Todo esto ha obligado a una reconfiguración del modo en el que las naciones articulan y ejecutan su política exterior, y los planteamientos del realismo actualizado en el “neorealismo” deben echar mano de herramientas menos lesivas para lograr sus objetivos. En esta línea, Montoya (2012) sostienen que la teoría realista tradicional ya reconoce la cultura como un elemento esencial del interés nacional, por lo que esta debe estar ligada a la política exterior de los Estados, abriéndose un nuevo camino en el que otros elementos pueden ser explotados como activos.
En este sentido, la diplomacia cultural, considerada una dimensión de la diplomacia pública, se ha convertido en una herramienta clave en cuanto el componente cultural de la política exterior de los Estados se ha establecido como un factor esencial a la hora de posicionar la imagen internacional de un determinado país, logrando con esto el entendimiento entre los pueblos e incluso defender o alcanzar los objetivos propios del interés nacional.
El denominado poder blando se yergue como el modo privilegiado por el que las naciones pueden alcanzar sus objetivos sin hacer uso de la fuerza militar o la coacción económica, orientando al mantenimiento de la paz y la seguridad internacional acorde con la prohibición del uso de la fuerza como medio para dirimir los conflictos internacionales, lo que también permite que Estados relativamente pequeños puedan alcanzar una influencia y relevancia internacional que le serían privativas bajo otros marcos relacionales o axiológicos, como los del poder duro.
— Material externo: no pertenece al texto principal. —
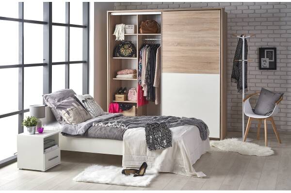 Szafka nocna Lima posiada półkę i szufladę na drobiazgi. Doskonale nadaje się do sypialni lyb pokoju młodzieżowego.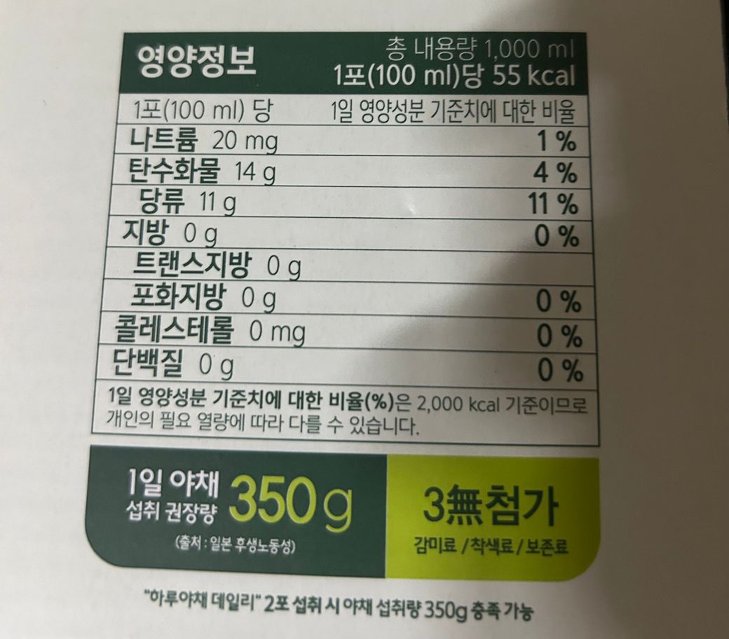야채주스인데 당류 11g면 당이 높은건가요?(사진 첨부)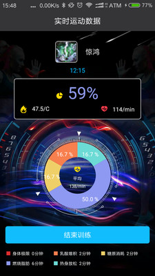通过医学级心率智能穿戴设备记录用户心率、卡路里消耗、最大心率比等数据,通过大屏或手机端进行实时展示。互动、直观的界面,有效的帮助用户把握运动状态,避免运动伤害,规避运动强度不达标。。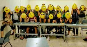 Als besonders schön empfand ich es, dass ich ein und dieselbe Kunstklasse mehrmals hintereinander unterrichten durfte. Die SchülerInnen haben u.a. gelbe Luftballons mit unterschiedlichen Emoticon-Gesichtszügen bemalt und diese im ganzen Schulhaus aufgehängt. Das Besondere am Leo Baeck ist, dass unterschiedliche Schularten unter einem Dach vereint sind, weswegen die bemalten Luftballons auch sehr schnell von GrundschülerInnen abgehängt und mit nach Hause genommen wurden.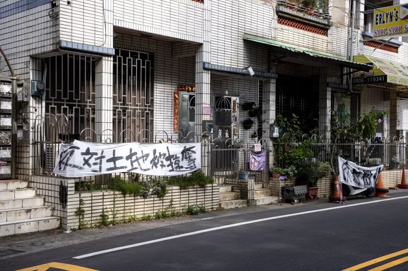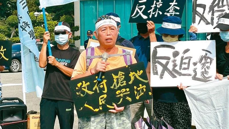 圖為遭征收區(qū)域的桃園居民不滿被征地,拉起布條抗?fàn)?。圖自《聯(lián)合報(bào)》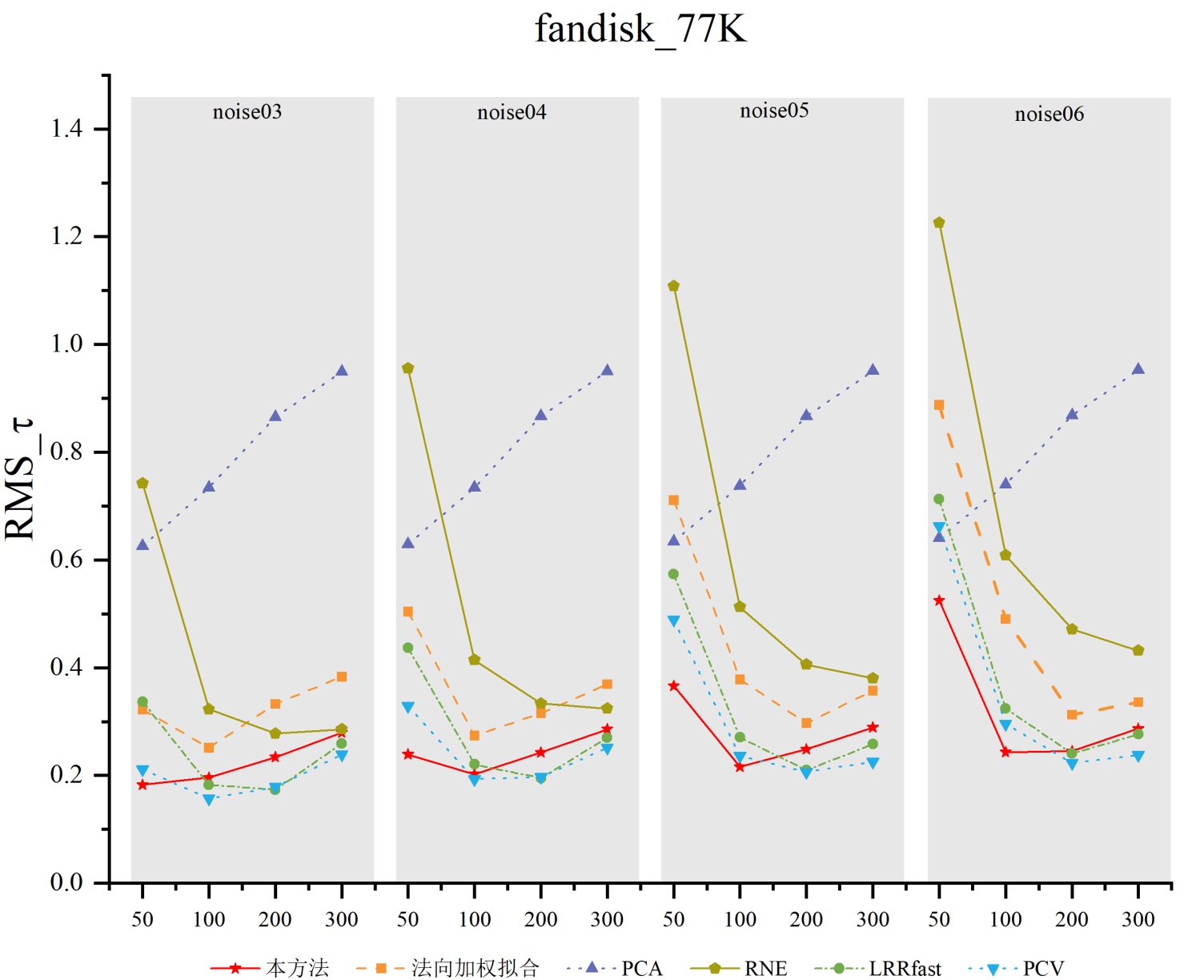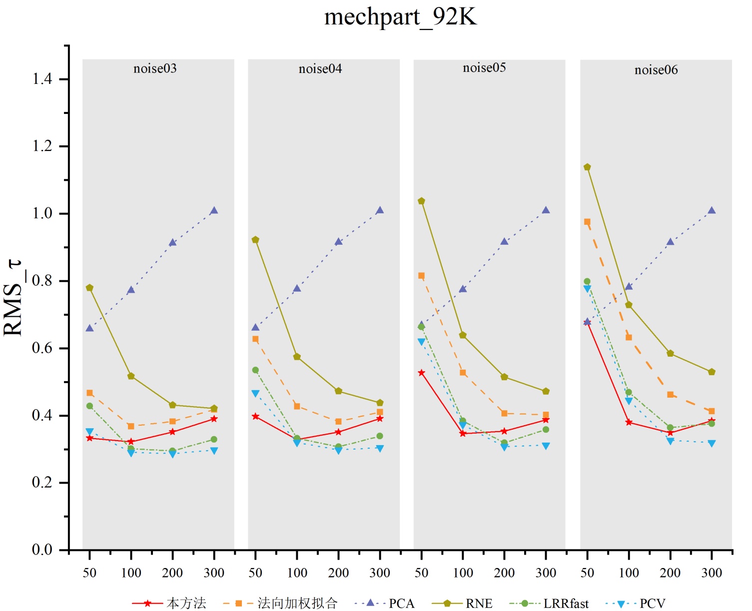 如图5可视化结果所示,在噪声的影响下,PCA算法仍然可以准确地估计出光滑曲面的法向,但是在模型的尖锐特征处估计出的法向准确性较低。这是由于在尖锐特征处,特征点的邻域点可能采样自多个光滑曲面,所以PCA算法选择整个邻域进行平面拟合时,易受采样自其他光滑曲面的点影响,导致估计出的法向过于光滑,误差较大。这样,法向加权拟合算法利用PCA算法估计的单一的、不准确的初始法向来加权拟合,在尖锐特征处得到的法向估计结果不够准确。而本算法在不同噪声环境下均能有效抑制跨曲面干扰,保持了尖锐区域的几何特征,与法向加权拟合算法相比,本算法提高了在尖锐特征处的法向估计的准确性。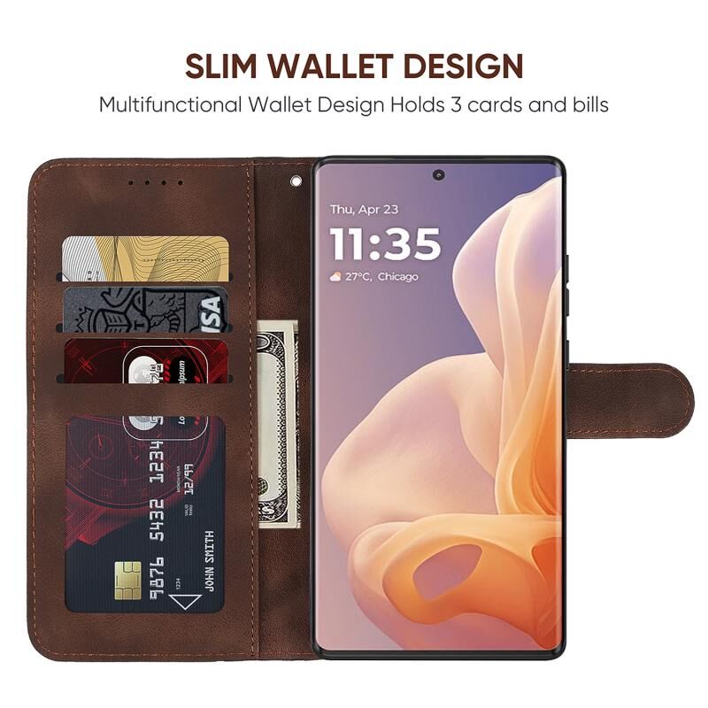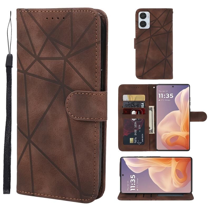 Για Motorola Moto G85 Skin Feel γεωμετρικές γραμμές δερμάτινη θήκη τηλεφώνου (καφέ)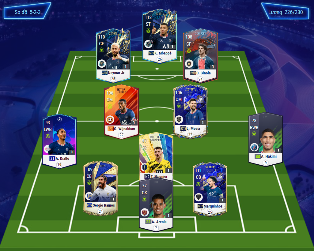 Sơ đồ 523 đang được nhiều game thủ lựa chọn ở meta hiện tại, và rõ ràng PSG cũng hoàn toàn có thể áp dụng sơ đồ này một cách thoải mái.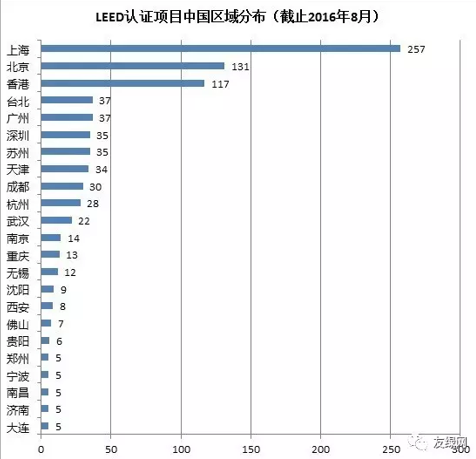 图9 各省市LEED认证项目数量统计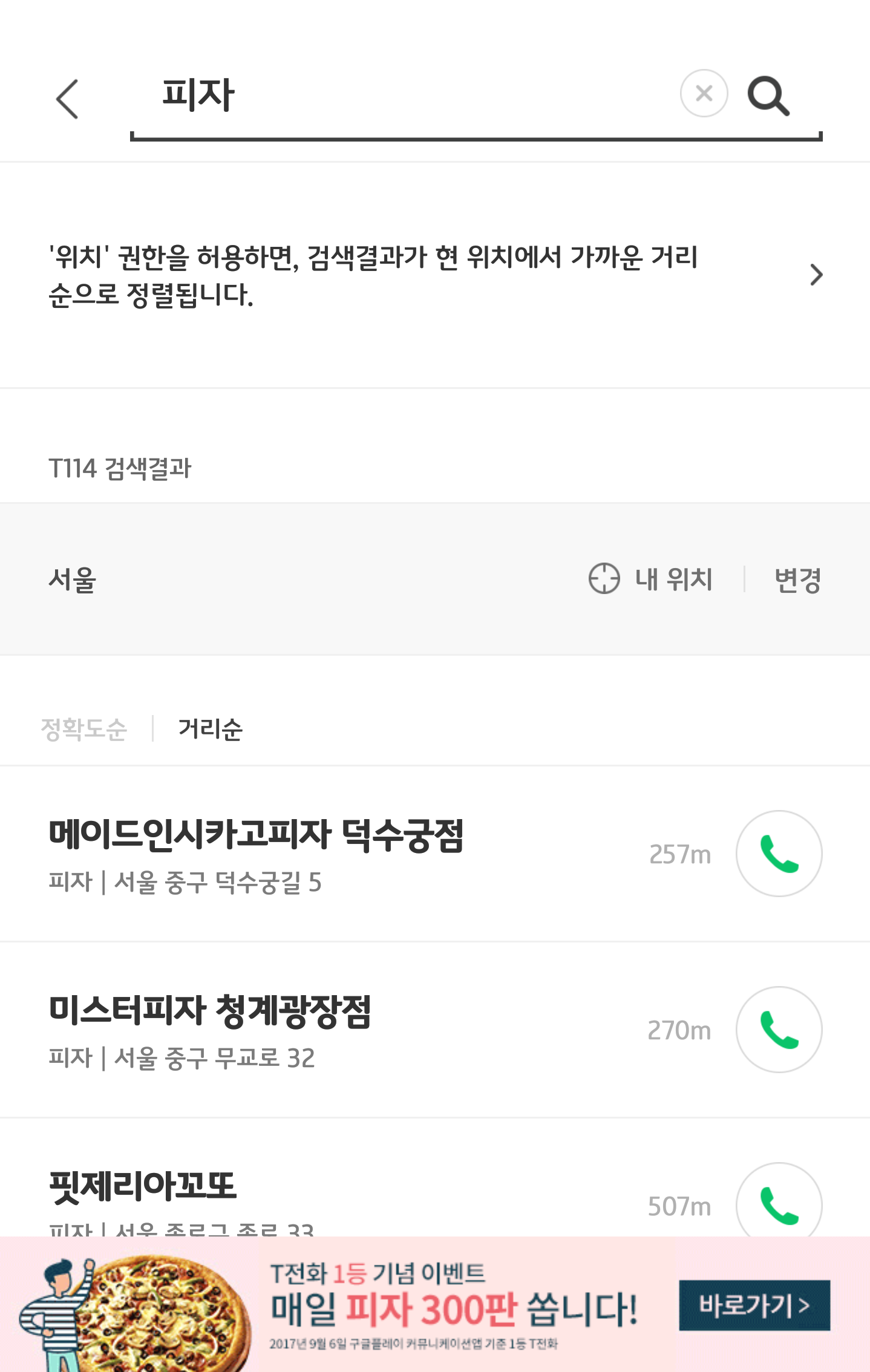 배너 없으면 검색창에 피자 검색하시면 밑에 배너 뜹니다.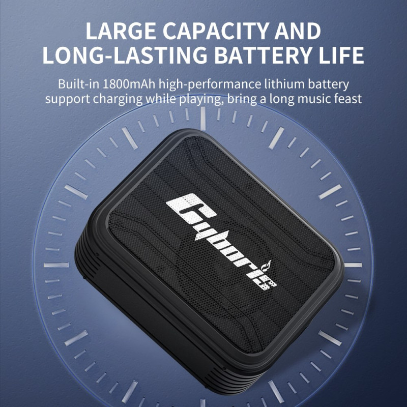 Dieser kompakte, wasserdichte IPX7-Lautsprecher von CYBORIS ist vielseitig einsetzbar, sowohl im Freien als auch zu Hause. Sein 15-W-Lautsprecher sorgt für einen klaren und lauten Sound, während die Bluetooth 5.3-Verbindung auch unterwegs eine stabile Übertragung garantiert. Der 1800-mAh-Akku sorgt für eine Laufzeit von über 12 Stunden bei mäßiger Lautstärke. Er bietet Platz für mehrere Audioquellen wie U-Disk, TF-Karte und AUX und verfügt über erweiterte Funktionen wie FM-Radio, Sprachaufzeichnung und Loop-Wiedergabe. Dank des integrierten Trageriemens lässt er sich leicht transportieren und ist somit ein praktischer Begleiter am Strand, im Schwimmbad oder auf Reisen.
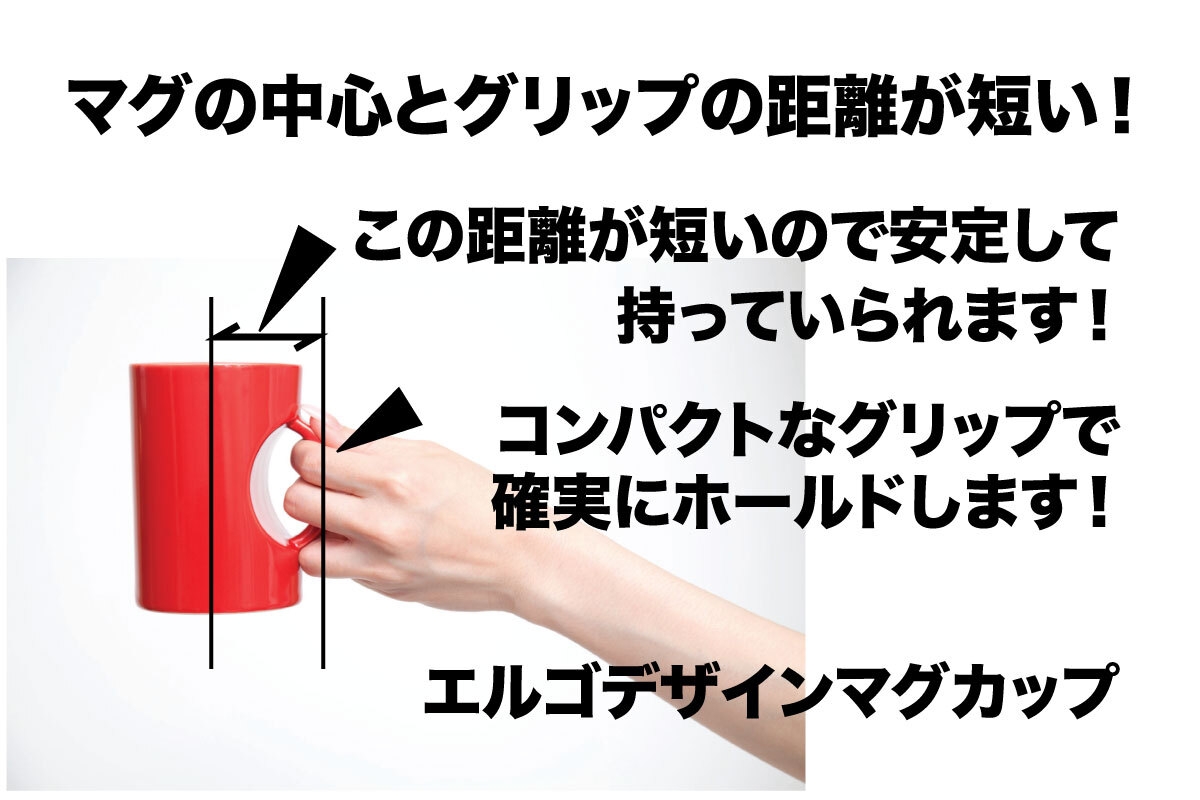 エルゴマグは、日常のコーヒーブレイクを快適でスタイリッシュにするために設計された、エルゴノミック(人間工学に基づいた)なマグカップです。シンプルでミニマルなデザインと、手にフィットする取手が特徴です。取手がボディに半分埋め込まれているため、持ちやすく、グリップの安定感と安心感が抜群です。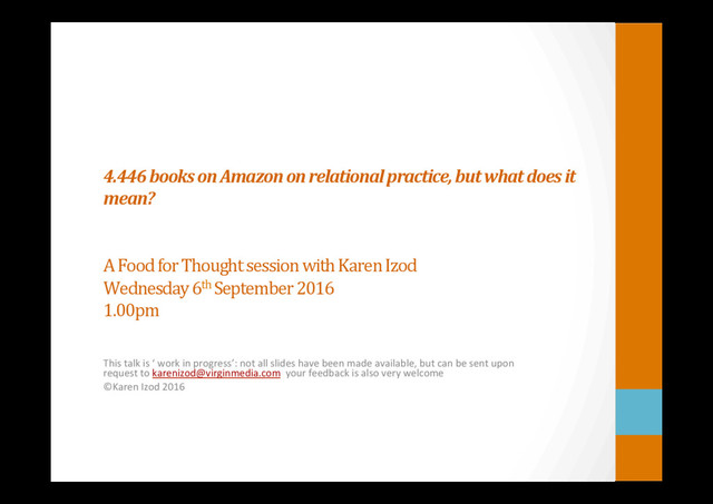 With the fashion to call any and every approach to engaging with others ‘relational’ what does relational actually mean? Karen Izod gave us a snapshot of ideas on what relational practice means to her, and how it is embodied in her work as a consultant to organisational change and professional development.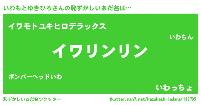 | 男性向けラノベタイトル風あだ名 | 『ダンジョンにいわもとゆきひろを求めるのは間違っているだろうか』 |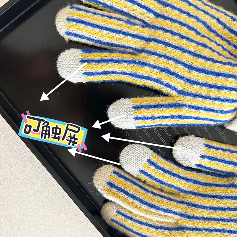커플 장갑 여성용 겨울 따뜻한 일본 양모 컬러 매칭 스트라이프 터치 스크린 사이버 연예인 사이클링 방한 목 학생 남성스토어 가기

Para países con las dimensiones de República Dominicana, donde no procede la ejecución de una política exterior basada en el poder duro, es indispensable articular políticas públicas que tengan como propósito hacer efectiva la combinación teórico-práctica de los valores constitucionales, morales y éticos que le dan sentido e identidad, y que esto sea promovido, proyectado en el exterior para aumentar así su influencia.
Por eso, pese al pesimismo que muchas veces nos arropa, República Dominicana cuenta con un sin número de elementos sociales, políticos, económicos y culturales de tal envergadura y trascendencia, que le convierten en un país con un alto potencial de soft power a nivel regional y global. Sólo falta que se apliquen correctamente las herramientas de diplomacia pública y que el poder blando sea asumido como uno de los pilares de la política exterior dominicana.